PBS Idea Channel defends the selfie (VIDEO)
posted Friday, February 7, 2014 at 2:22 PM EDT
The selfie is one of the most maligned forms of photography currently around, perhaps only second to the conspicuous consumption of the Rich Kids of Instagram. But what if we're looking at the selfie all wrong, and that comparing them to artistic photography completely misses the point? At least that's what's being argued by Mike Rugnetta of the PBS Idea Channel.
He argues that a selfie is more comparable to a tweet or Facebook status update. It's a way of capturing where we are, how we're feeling, and what's going on in our lives, in a single instant. Think of it as a riff on the cliché that a picture is worth a thousand words. A selfie can communicate a volume about you in a single photo, and requires just seconds to take. And much the same way that a status update shouldn't be compared to a novel or work of poetry, comparing a selfie to artistic photography misses the point.

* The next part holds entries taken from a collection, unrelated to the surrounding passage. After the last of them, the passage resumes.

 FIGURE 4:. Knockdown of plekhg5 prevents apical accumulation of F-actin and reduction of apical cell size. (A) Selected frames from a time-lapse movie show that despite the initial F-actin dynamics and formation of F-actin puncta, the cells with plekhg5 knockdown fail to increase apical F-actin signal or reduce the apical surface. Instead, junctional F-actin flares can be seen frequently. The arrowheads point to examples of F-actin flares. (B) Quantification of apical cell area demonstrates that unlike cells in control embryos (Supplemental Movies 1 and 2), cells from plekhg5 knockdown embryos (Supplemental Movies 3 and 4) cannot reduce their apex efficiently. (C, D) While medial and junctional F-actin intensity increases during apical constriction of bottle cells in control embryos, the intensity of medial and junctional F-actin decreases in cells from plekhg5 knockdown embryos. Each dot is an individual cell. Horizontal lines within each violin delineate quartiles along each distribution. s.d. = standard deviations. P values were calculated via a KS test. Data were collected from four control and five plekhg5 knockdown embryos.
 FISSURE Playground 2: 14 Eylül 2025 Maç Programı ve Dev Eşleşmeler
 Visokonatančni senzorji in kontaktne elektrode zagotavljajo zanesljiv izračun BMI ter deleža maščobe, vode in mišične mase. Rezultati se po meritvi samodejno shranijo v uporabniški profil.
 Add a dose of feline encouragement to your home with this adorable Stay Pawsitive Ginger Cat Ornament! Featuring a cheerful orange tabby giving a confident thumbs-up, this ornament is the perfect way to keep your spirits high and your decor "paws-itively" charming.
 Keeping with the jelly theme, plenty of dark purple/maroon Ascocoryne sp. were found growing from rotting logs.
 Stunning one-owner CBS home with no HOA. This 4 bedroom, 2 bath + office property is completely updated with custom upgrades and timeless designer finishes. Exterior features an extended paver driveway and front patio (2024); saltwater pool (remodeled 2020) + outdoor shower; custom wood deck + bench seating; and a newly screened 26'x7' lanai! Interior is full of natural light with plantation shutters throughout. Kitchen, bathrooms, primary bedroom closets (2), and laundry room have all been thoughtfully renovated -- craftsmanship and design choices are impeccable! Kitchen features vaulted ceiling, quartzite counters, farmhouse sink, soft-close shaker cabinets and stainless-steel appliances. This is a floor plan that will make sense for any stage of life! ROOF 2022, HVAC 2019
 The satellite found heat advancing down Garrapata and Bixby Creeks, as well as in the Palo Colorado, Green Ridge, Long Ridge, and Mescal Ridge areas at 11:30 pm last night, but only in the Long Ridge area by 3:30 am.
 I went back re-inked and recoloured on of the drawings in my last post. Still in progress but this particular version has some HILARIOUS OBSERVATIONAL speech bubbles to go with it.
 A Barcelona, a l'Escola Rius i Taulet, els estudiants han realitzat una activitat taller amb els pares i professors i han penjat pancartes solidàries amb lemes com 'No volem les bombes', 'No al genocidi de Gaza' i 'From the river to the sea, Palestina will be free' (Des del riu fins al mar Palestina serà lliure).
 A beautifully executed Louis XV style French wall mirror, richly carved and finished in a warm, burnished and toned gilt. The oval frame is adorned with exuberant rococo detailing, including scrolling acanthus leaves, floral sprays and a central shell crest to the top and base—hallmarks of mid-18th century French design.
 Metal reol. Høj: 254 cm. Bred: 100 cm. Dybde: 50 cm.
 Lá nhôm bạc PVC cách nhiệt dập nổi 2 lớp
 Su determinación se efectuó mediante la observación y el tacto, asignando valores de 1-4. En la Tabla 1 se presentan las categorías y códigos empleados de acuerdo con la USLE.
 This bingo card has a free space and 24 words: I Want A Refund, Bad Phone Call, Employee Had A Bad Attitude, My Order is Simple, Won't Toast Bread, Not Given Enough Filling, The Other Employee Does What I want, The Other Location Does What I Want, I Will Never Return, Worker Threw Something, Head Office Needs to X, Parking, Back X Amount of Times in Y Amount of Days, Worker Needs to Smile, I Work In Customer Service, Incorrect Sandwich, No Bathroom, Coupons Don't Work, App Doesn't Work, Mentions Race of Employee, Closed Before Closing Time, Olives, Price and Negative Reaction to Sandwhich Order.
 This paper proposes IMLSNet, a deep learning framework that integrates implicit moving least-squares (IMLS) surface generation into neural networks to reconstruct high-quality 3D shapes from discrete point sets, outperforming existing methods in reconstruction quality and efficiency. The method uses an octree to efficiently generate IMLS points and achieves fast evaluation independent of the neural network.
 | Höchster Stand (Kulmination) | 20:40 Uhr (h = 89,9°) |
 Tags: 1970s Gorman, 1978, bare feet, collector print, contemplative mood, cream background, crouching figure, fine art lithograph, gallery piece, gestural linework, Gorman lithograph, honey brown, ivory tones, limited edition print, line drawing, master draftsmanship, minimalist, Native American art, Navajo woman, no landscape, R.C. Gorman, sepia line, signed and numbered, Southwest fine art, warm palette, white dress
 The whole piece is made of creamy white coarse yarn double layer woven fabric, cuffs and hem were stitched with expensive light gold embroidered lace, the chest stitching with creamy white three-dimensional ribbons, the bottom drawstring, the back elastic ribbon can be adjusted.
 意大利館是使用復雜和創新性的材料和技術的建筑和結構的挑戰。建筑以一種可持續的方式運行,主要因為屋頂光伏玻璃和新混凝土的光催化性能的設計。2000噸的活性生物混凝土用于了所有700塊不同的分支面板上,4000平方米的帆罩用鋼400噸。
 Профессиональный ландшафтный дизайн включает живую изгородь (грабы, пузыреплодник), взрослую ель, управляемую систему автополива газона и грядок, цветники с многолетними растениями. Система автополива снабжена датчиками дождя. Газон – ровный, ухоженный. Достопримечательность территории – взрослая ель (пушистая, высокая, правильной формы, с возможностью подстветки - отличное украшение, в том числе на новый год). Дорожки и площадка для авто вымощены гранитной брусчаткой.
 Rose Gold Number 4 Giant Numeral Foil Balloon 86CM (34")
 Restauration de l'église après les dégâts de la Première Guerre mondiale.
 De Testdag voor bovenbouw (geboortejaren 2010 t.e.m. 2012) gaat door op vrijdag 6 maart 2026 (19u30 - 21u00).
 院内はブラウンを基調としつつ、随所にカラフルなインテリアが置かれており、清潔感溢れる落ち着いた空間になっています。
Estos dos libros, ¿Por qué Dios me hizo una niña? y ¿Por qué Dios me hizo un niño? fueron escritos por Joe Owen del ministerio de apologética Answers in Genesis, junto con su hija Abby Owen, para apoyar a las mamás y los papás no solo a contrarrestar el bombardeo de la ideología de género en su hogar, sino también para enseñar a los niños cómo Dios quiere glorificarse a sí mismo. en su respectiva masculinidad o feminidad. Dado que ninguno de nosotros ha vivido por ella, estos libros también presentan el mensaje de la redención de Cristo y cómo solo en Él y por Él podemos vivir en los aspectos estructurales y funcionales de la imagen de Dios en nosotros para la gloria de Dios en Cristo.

Part of the confusion does come from the intersection of the selfie and more traditional photographic esthetics. Someone's Instagram feed could be equally perfectly composed and immaculately timed artistic shots as well as interesting things they've eaten. And that doesn't make either of those less worthy.
It's a very interesting video, and one well worth watching to spark a discussion about how we view the simple act of taking a picture of oneself from a phone—and why there's so much vitriol against it.